La risposta delle ong ovviamente non si fa attendere troppo: alcune tra le più grandi associazioni umanitarie a livello internazionale infatti, dalla Croce Rossa a Medici Senza Frontiere, non solo smentiscono totalmente la parte del rapporto che riguarderebbe i presunti legami illeciti, ma parlano di una vera e propria “aggressione politica” nei confronti degli operatori che continuano a lavorare nonostante la “deregolamentazione selvaggia” dell’Unione Europea.

A farsi poi portavoce infervorato di chi sceglie di rimanere nel silenzio è Mussie Zerai, candidato al premio Nobel per la pace 2015, la cui storia di vita è in un certo modo baluardo esemplare dell’associazionismo oltre i confini socio-culturali. Mussie, sacerdote eritreo rifugiato in Italia 25 anni fa, nell’ultimo decennio è stato punto di riferimento per migliaia di migranti che lo chiamano chiedendo aiuto dalle carceri della Libia.

Mussie rivendica il ruolo svolto dalle tante ong nel mediterraneo che si occupano oltretutto di porre un freno al far west in atto nella gestione dell’emergenza. Tra gli spari dei trafficanti e gli abbordaggi della guardia costiera libica (come è successo per esempio a Medici senza frontiere), tra i tempi di salvataggio che a volte rischiano di essere eccessivamente lunghi e le numerose omissioni di soccorso che portano alla catastrofe infatti, la situazione necessita di un’attento monitoraggio e coordinamento.

“La verità, nient’altro che la verità”.

La battaglia innescata da Frontex solleva una questione non poco rilevante: è possibile che le ong siano di ostacolo alle autorità preposte all’aiuto, creando più danni che altro? La risposta, oltre ad essere uno scontato “no”, parte da un fatto inquietante e inequivocabile: stando a dati recenti infatti, solo negli ultimi dodici mesi il numero record di vittime del mediterraneo si attesta intorno alle 4800.

Avviando quindi da questo dato un’analisi sulla questione dell’immigrazione, le indagini della procura di Catania hanno attestato una semplice crescita delle organizzazioni umanitarie attive in mare (e se la solidarietà viene giudicata male, poveri noi). Inoltre, ciò che colpisce (come dato di fatto inequivocabile) è il presupposto secondo cui le procedure di soccorso attivate dalle ong in questione sembrano essere di assoluta rilevanza per colmare il vuoto lasciato dalla chiusura dell’operazione Mare Nostrum (il sostituto Triton si occupa solamente della frontiera marittima).
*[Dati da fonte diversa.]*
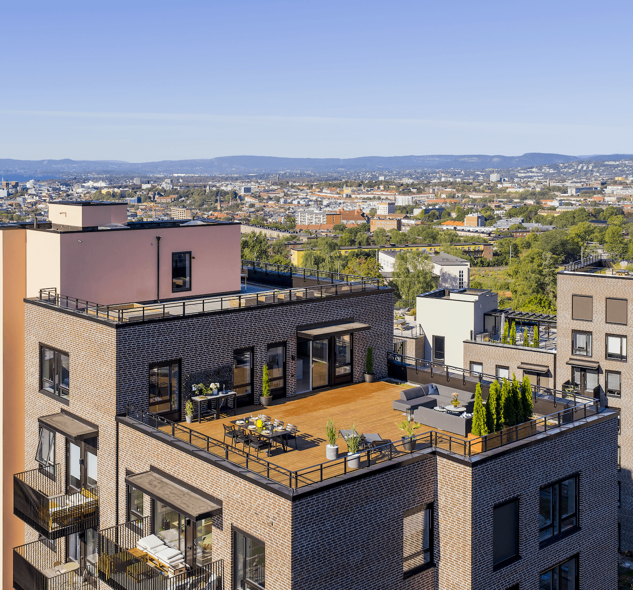 I byggets 7. etasje, som også er toppetasjen, finner du denne lekre leiligheten med moderne løsninger, gjennomtenkt planløsning og høy kvalitet i materialvalg. Boligen fremstår som velholdt og innbydende, og byr på både balkong og en stor privat takterrasse - perfekt for sosiale sammenkomster og hverdagsnytelser. Planløsning og romfordeling Leiligheten har en funksjonell entré med gode oppbevaringsmuligheter, samt callinganlegg som gjør det enkelt å slippe inn gjester. Her får man et godt førsteinntrykk! Videre finner man fire soverom, åpen stue- og kjøkkenløsning, samt to baderom - ett ved entré og ett tilknyttet soveromsdelen. Stue og kjøkken Den åpne stue- og kjøkkenløsningen har en romslig og luftig atmosfære med målt takhøyde på ca. 2,59 m. Fra stuen er det utgang både til en balkong på ca. 10 m² og en unik privat takterrasse på hele ca. 104 m². Terrassen har samme solide utførelse som balkongen, med malt/beiset tregulv og i tillegg etablert utekjøkken. Her kan man virkelig nyte solrike dager og lange sommerkvelder i et romslig og privat uteområde. Kjøkkenet er fra Sigdal (byggeår), med glatte, folierte fronter og laminert benkeplate med nedfelt kum i rustfritt stål. Innredningen fremstår som moderne og vedlikeholdt, og har kjøkkenøy i samme utførelse som øvrig innredning. Kjøkkenet er tilrettelagt med platetopp, oppvaskmaskin, stekeovn og kombi kjøl/frys. Komfyrvakt samt aquastop/lekkasjevarsler med sensorer og magnetventil er installert. Belysning er elegant løst med downlights under overskap. Baderom Begge badene er prefabrikkerte våtromskabiner fra byggeåret og oppført etter teknisk forskrift 2017. Bad ved soverom: Flislagt med gulvvarme, servantskap med glatte fronter og heldekkende servant, speil og lysarmatur, dusjhjørne med svingdører og håndholdt dusj, samt veggmontert toalett. Bad ved entré: Flislagt med gulvvarme, servantskap med glatte fronter og heldekkende servant, speil med belysning, opplegg for vaskemaskin, dusjhjørne med svingdører og veggmontert toalett. Begge bad har balansert ventilasjon, avtrekksventil i himling, samt tilluft via spalte ved terskel. Soverom Leiligheten har totalt fire soverom av god størrelse. Alle med generøs størrelse og gjennomtenkte løsninger, tilrettelegger for både barn, gjester eller hjemmekontor. Soverom 1 Hovedsoverommet er romslig med god plass til dobbeltseng og medfølgende garderobeskap hvor du har plass til alt av tøy og diverse. Et soverom med ekte New York-feeling. Her våkner du til en sinnssyk utsikt som strekker seg langt utover horisonten, både på dagtid og når byen glitrer om kvelden. Harmoniske fargetoner og stilrene overflater skaper en rolig atmosfære. Soverom 2 Et romslig soverom med god plass til dobbeltseng og kontor om ønsket. Dette rommet kan også benyttes som ekstra tv-stue. Her er det godt tilrettelagt for både store og små familier! Soverom 3 Dette er det typiske barne-/gjesterommet med plass til seng og ønsket skapinnredning. Soverom 4 Enda et romslig soverom som i dag er benyttet som kontor. Her har man også plass til dobbeltseng og en garderobeløsning om ønskelig. Her fra har man også en nydelig utsikt over nærområde. Øvrige fasiliteter Leiligheten disponerer en bod i kjeller på ca. 6,5 m² samt en privat garasjeplass. I tillegg har sameiet felles sykkelbod med sykkelvask i kjeller, samt en spektakulær takterrasse i 8. etasje. Et sosialt samlingspunkt med sinnssyk utsikt over byen og landskapet. Selvaag har i tillegg bemerket følgende: "I fremtidige hus B planlegger vi et fellesareal for beboerne med oppholdsrom, kjøkken og arbeidsrom. Det vil også etableres to «hotellrom» som beboerne kan benytte til sine gjester." + "topp- og endeleilighet med storslagen utsikt over by og fjord. Lys fra tre sider." Bygg og fasade Bygningen har en moderne og solid utførelse med fasade i sprekkmurt teglstein og fasadeplater. Både balkong og terrasse er utstyrt med utvendig stikkontakt og lysarmatur, og alle konstruksjoner er utført i stål og betong for varig kvalitet. Avtrekk: Kjøkkenventilator over stekesone, med tilknytning til det balanserte ventilasjonsanlegget. Eventuelle filter i kjøkkenventilatoren bør rengjøres/skiftes regelmessig for å unngå at fett fester seg og skaper brannfare. Ventilasjon: Leiligheten er basert på balansert ventilasjon med varmegjenvinning. Elektrisk anlegg: Sikringsskap lokalisert i skap i entré. Automatsikringer med jordfeilbrytere. Hovedsikring og 9 fordelingskurser. Selvavlesende strømmåler er installert i felles tavle. Det foreligger kursfortegnelse i skap. Branntekniske forhold: Brannslukkingsapparat i leiligheten. Røykvarslere er installert. Vannledninger: Vannførende rør i plast (rør i rør opplegg). Rørstokk er lokalisert i fordelerskap i vegg på begge baderommene. Fordelerskapene har overløp med avrenning til bad (rom med sluk). Avløpsrør: Interne og synlig avløpsrør i plast. Øvrige avløpsrør er felles for bygningen og ikke inspisert/vurdert I forbindelse med salget er det utarbeidet en tilstandsrapport fra bygningssakkyndig. Rapporten gir en teknisk vurdering av boligen og påviser eventuelle avvik. Det er viktig å merke seg at forhold som er vurdert med TG2 og TG3 bør gjennomgås nøye, ettersom disse indikerer avvik fra normal slitasje eller høy alder, og kan medføre behov for utbedring. Bygningsdeler vurdert med TGIU er ikke blitt undersøkt av takstmann. Bygningsdeler som ikke er undersøkt (TGIU): - Våtrom > 7. Etasje > Bad v/entré > Tilliggende konstruksjoner våtrom - Våtrom > 7. Etasje > Bad v/sov > Tilliggende konstruksjoner våtrom Tilstandsrapporten for boligen er vedlagt salgsoppgaven. For mer detaljert informasjon om tilstandsgradene, vennligst se rapporten.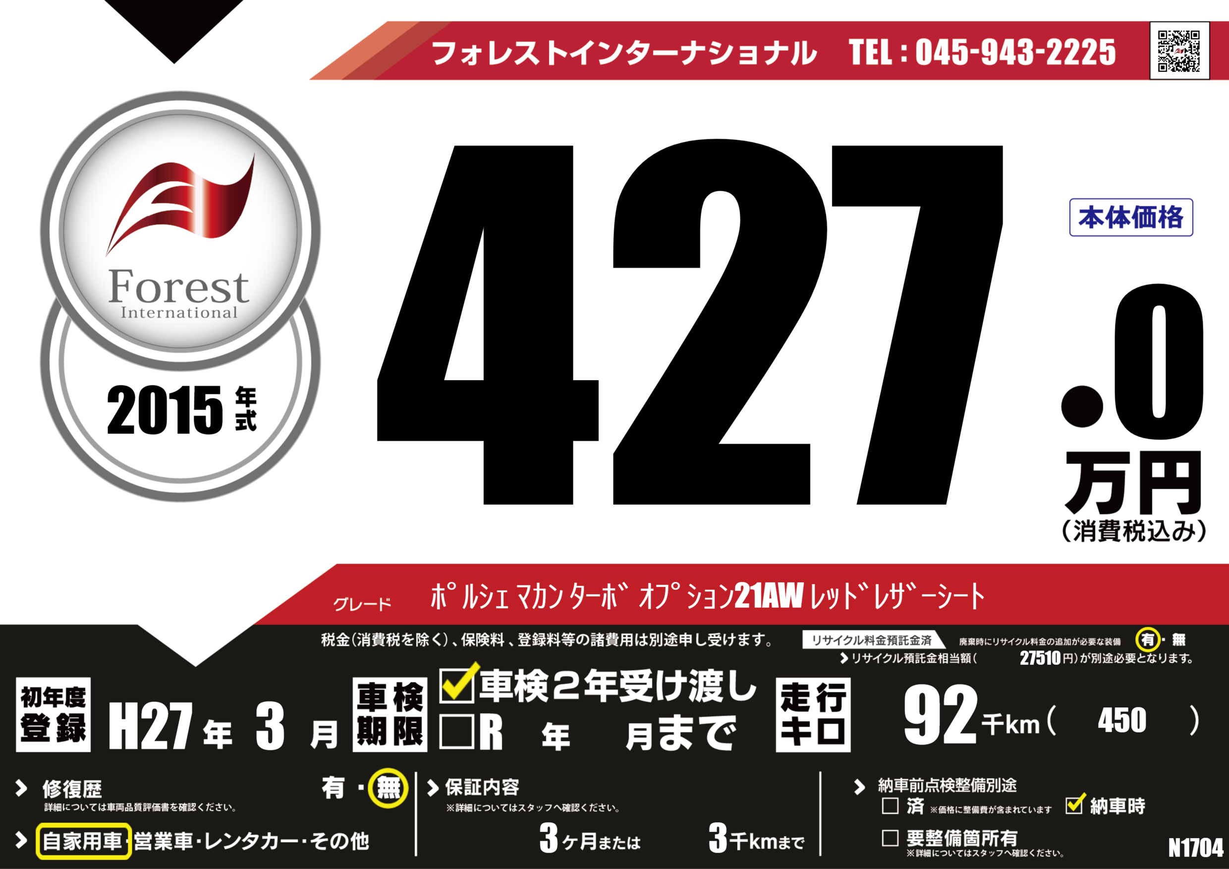 | 走行キロ | 9.2万km | 初年度登録 | H27年3月 |

Questa già complessa situazione è amplificata poi da alcune istituzioni europee che, in un consapevole/colpevole atteggiamento di chiusura, auspicano alla soluzione del blocco navale, condannando così gli operatori del mare ad un lavoro doppiamente faticoso.

Regime di dubbiocrazia?

Finalmente l’estenuante ricerca della verità sembra aver portato ad una conclusione: per quanto una notizia possa essere giudicata veritiera in base all’autorevolezza della fonte (e qui si parla del Financial Times e di un’agenzia Europea) è fin troppo facile e dannoso strumentalizzarla per aumentare il consenso politico, finanziare una propaganda del terrore e instaurare un regime di “dubbiocrazia“. Per ciò che riguarda quindi il video pubblicato poche settimane fa su YouTube  dal blogger Luca Donadel, in cui secondo il suo parere “professionale (?)” riuscirebbe ad “incastrare” le ong complici di prelevare i migranti sulle coste della Libia, a chi crede ad un sistema che potrebbe essere falsato e si appiglia al classico ritornello “le immagini valgono più di mille parole”, la giustizia risponde che la legge rimane l’ultimo baluardo di autenticità.